30. Children in conflict with the law were guaranteed due process and other relevant safeguards by the Family Code. However, greater provision needed to be made for legal aid for children whose problems had to be settled in a court of law. There was general recognition of the increasingly important role played by NGOs in defending children's rights and many such organizations were actively involved in initiatives launched by the National Council on the Family and Children. Apart from medical and social workers, child-care centres also had family counsellors, who helped to resolve children's problems by acting as mediators. More family counsellors were needed to meet the rising demand for support resulting, inter alia, from the heightened expectations of society owing to the entry into force of the Family Code.

31. There was specific legislation to protect the disabled against discrimination. The Panamanian National Training Institute had been established in 1951 and the relevant legislation had recently been amended to encourage the participation of the disabled in the labour force through tax concessions for employers. The Family Code recognized the equal rights of the disabled and called for the provision of special health, recreation and training facilities. Under article 520 of the Code any person who violated those rights was liable to penal sanctions. Following an amendment to the Education Organization Act, disabled children would soon be able to attend normal preschool establishments.

32. Under the Constitution and legislation dating from 1946, no discrimination was permitted against children born out of wedlock. All children were equal before the law, including for the purposes of affiliation and adoption.

33. The legislation regulating adoption referred to in the initial report (CRC/C/8/Add.28) had been superseded by provisions of the Family Code, which laid down the safeguards, procedures and formalities required for legal adoption. Adoption was a binding commitment and could be declared null and void if the procedures had not been fully complied with. Adoptive parents were vested with the same rights, duties and parental authority as biological parents. The existence of appropriate follow-up procedures ensured that the best interests of the adopted child were taken into account.

34. A number of steps had been taken to protect the indigenous population against discrimination. In the health sector, projects funded by the World Bank were under way to improve levels of nutrition, immunization and sanitation in the rural areas. Priority was also being given to providing adequate health care for the high-risk groups in the population. The necessary resources had been set aside for such projects in the national budget. In the education sector, efforts were being made by the Government, in cooperation with the World Bank, to prepare an alphabet for the languages of the indigenous people.

35. A social emergency fund, had been set up in 1992 to provide safe drinking water and primary health care for the population groups most in need including the, mainly indigenous, rural population. There was a further project to target four of the poorest districts in the country. Details of such initiatives had not, unfortunately, been included in the initial report (CRC/C/8/Add.28), which thus did not accurately reflect developments in Panama between 1992 and 1995.

36. The CHAIRPERSON said that, although the Committee was most grateful for the detailed information being provided, it was subject to time constraints and its members needed the opportunity to make comments and ask questions. She hoped that five more minutes would be sufficient to allow the delegation to complete its summary of the written replies concerning general principles.

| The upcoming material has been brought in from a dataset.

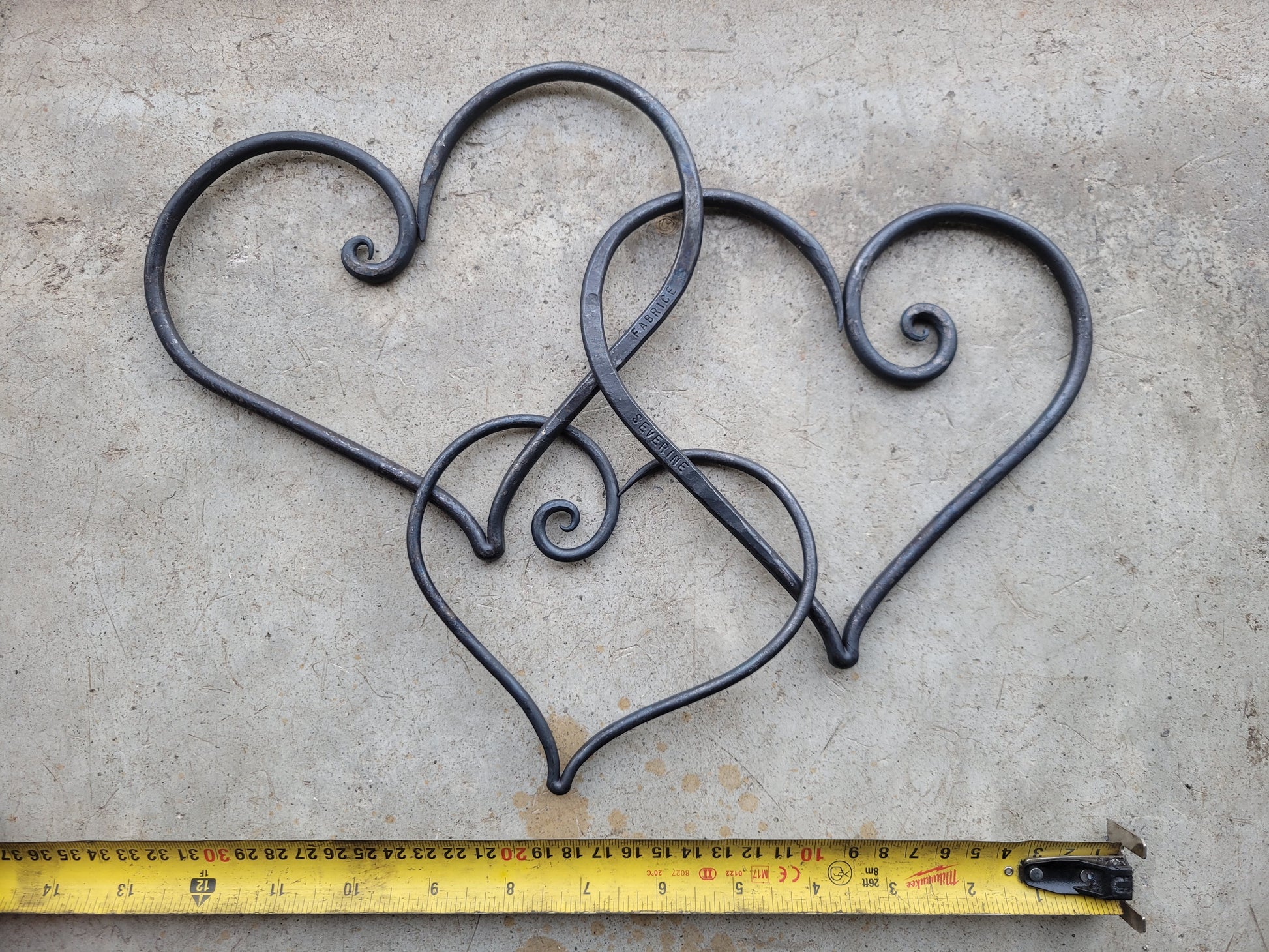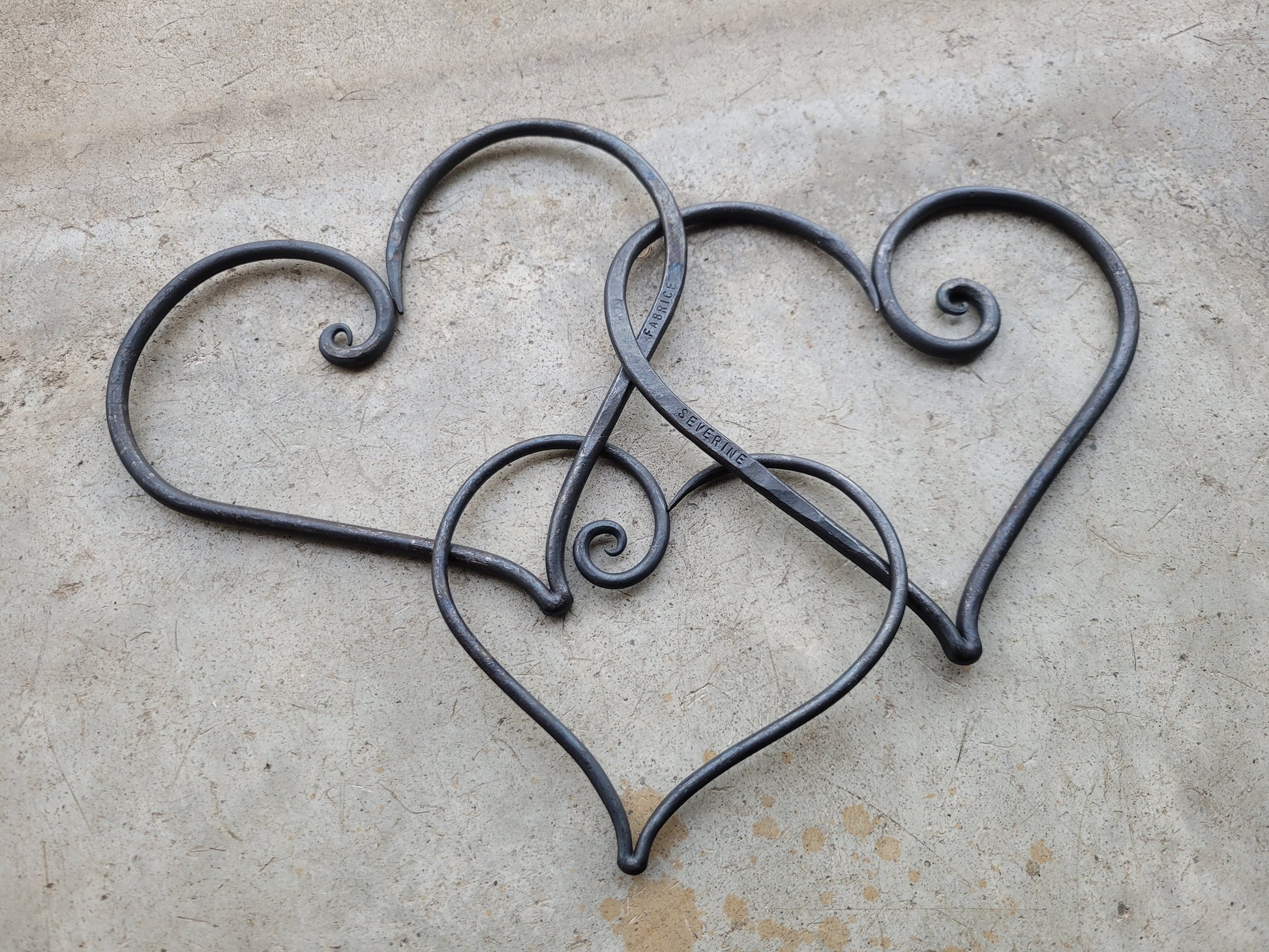 This custom set of hand-forged iron hearts includes a personalized inscription in the metal and tracked shipping premium. Based on our original Linked Hearts, the two larger hearts in this set measure approximately 18-20 cm in width and the smaller heart measures approximately 15 cm

37. Mrs. AROSEMENA DE TROITIÑO (Panama) said she would limit herself to a few examples of the manner in which the best interests of the child were currently taken into account in Panama. Where there was a legal conflict between the parents and the child, the judge was obliged according to the Family Code to take the best interests of the child into consideration when giving his verdict. In the event of a divorce or de facto separation, arrangements for the maintenance and custody of the child must be settled in his or her favour. Under a special provision of the Constitution, where a marriage was dissolved, the property and assets involved must remain with the parent responsible for supporting the child. In the case of adoption, the obligation to change a child's name could be waived where it was deemed to be in his best interest. Moreover, children over the age of seven were considered capable of forming their own judgement and their views must be heard in matters of adoption.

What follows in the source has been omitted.